Two school pictures floated side-by-side on a projection screen in the Michigan courtroom.

Both images caught the same small girl — in one, all gawky smile and bangs; the next, braces and long hair — a few years apart. Until this week, the child in the snapshots had been officially identified only as “Victim Z.A.” or “a family friend.”

But on Tuesday, Kyle Stephens, now a young woman, stepped out from the curtain of anonymity to directly address disgraced USA Gymnastics doctor Larry Nassar before a judge in Lansing.
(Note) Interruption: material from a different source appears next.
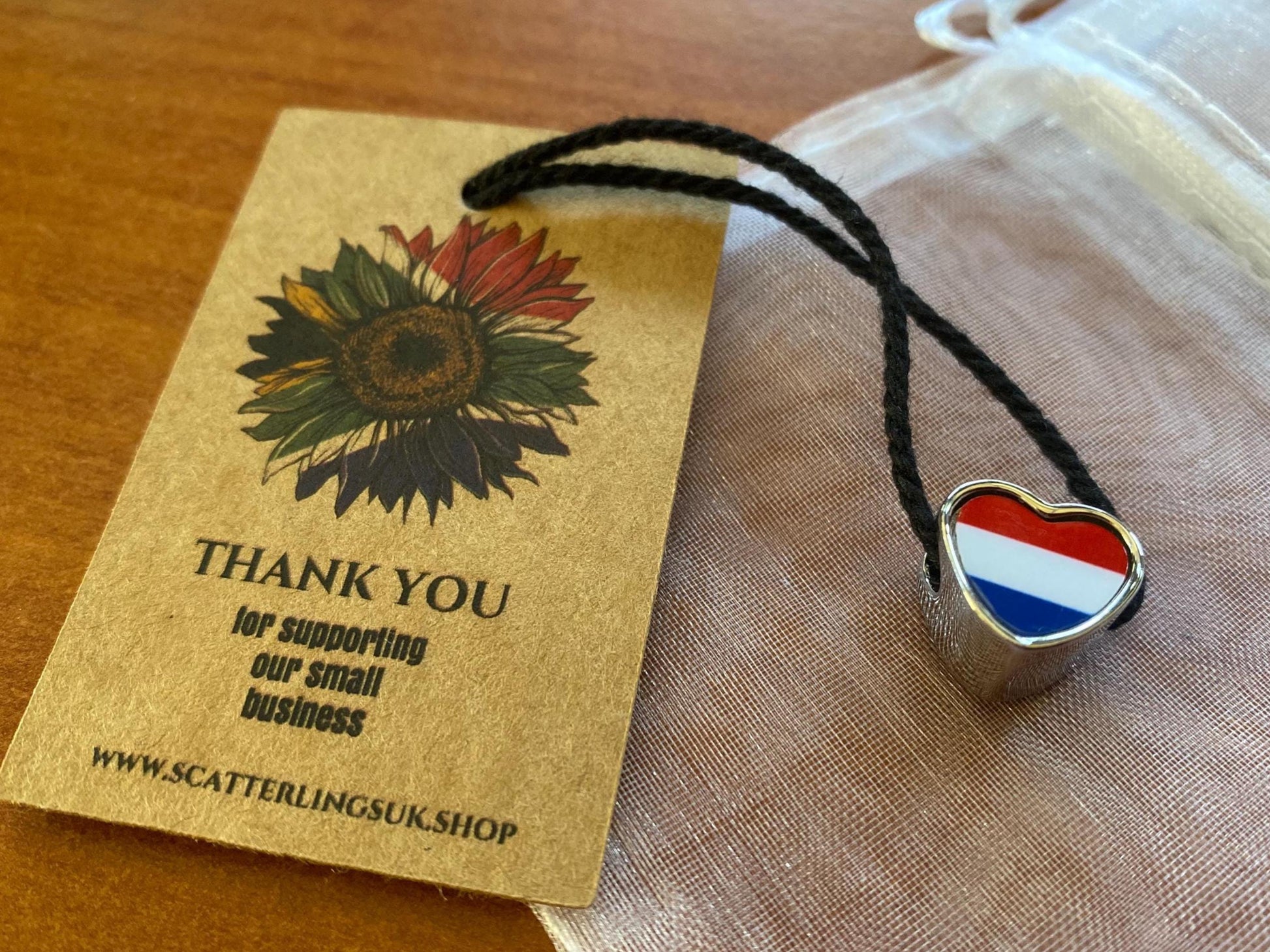 The Netherlands Holland Flag heart stainless steel charm personalised charm Add on charm Large hole bead Valentine’s gift for mom mum

“I was the first to testify in this case, and worried of the attention that could come of that, I asked for complete anonymity,” Stephens explained, the pictures of her projected over her shoulder stemming from the time of her abuse. “I’m addressing you publicly today as a final step and statement to myself that I have nothing to be ashamed of.”

* * *

“I have been coming for you for a long time,” she told Nassar, who hid his eyes beneath his hand through the testimony. “I’ve told counselors your name in hopes they would report you. I’ve told your name to Child Protective Services twice. I gave a testament to get your medical license revoked. You were first arrested on my charges. And now as the only nonmedical victim to come forward, I testify to let the world know you are a repulsive liar.”

* * *

When she was 12 years old, thanks to news accounts of the Catholic Church priest abuse and a friend’s own story about molestation, Stephens realized what was happening. She told her parents about what Nassar had been doing to her. Her parents confronted their friend.

“Due to complex details that I won’t get into here, my parents choose to believe Larry Nassar over me,” she said. Convinced their daughter had made a false allegation against a friend, Stephens’s parents brought Nassar over to their home to speak to her. Nassar told her, “No one should ever do that, and if they do, you should tell someone,” Stephens told the court.